Supplied data:
BEGIN

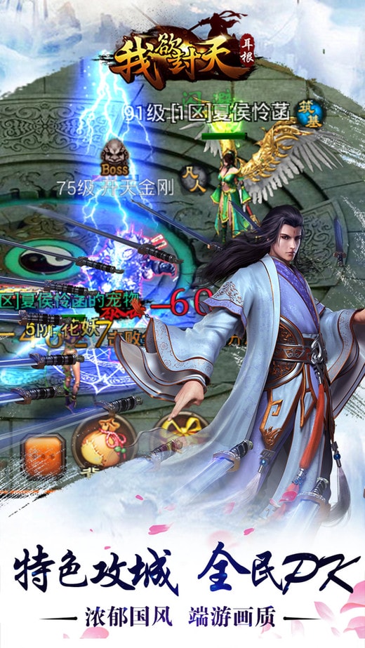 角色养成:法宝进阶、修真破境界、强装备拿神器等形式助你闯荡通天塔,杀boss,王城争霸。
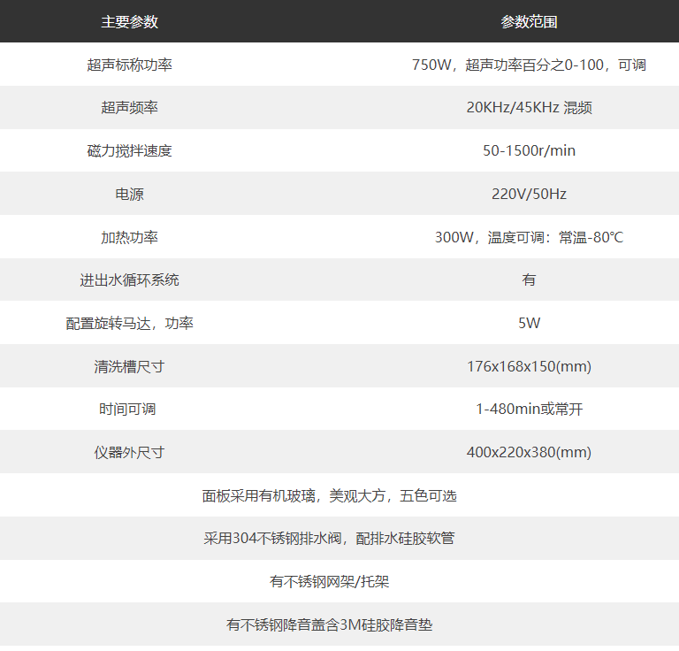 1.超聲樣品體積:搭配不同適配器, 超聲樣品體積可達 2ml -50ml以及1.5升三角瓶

END
BEGIN

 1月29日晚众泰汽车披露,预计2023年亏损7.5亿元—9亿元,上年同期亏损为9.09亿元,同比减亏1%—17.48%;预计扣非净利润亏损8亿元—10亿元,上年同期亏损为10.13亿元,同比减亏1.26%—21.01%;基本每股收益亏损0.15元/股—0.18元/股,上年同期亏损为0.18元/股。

END

Work task:
Transcribe exactly the lines above, beginning at the one with "角色养成:法宝进阶、修真破境" and going up to and including the one with "1.超聲樣品體積:搭配不同適配器, 超聲樣品體積可達 2ml". Pictures do not belong in the copy.

Answer box:
 角色养成:法宝进阶、修真破境界、强装备拿神器等形式助你闯荡通天塔,杀boss,王城争霸。
 1.超聲樣品體積:搭配不同適配器, 超聲樣品體積可達 2ml -50ml以及1.5升三角瓶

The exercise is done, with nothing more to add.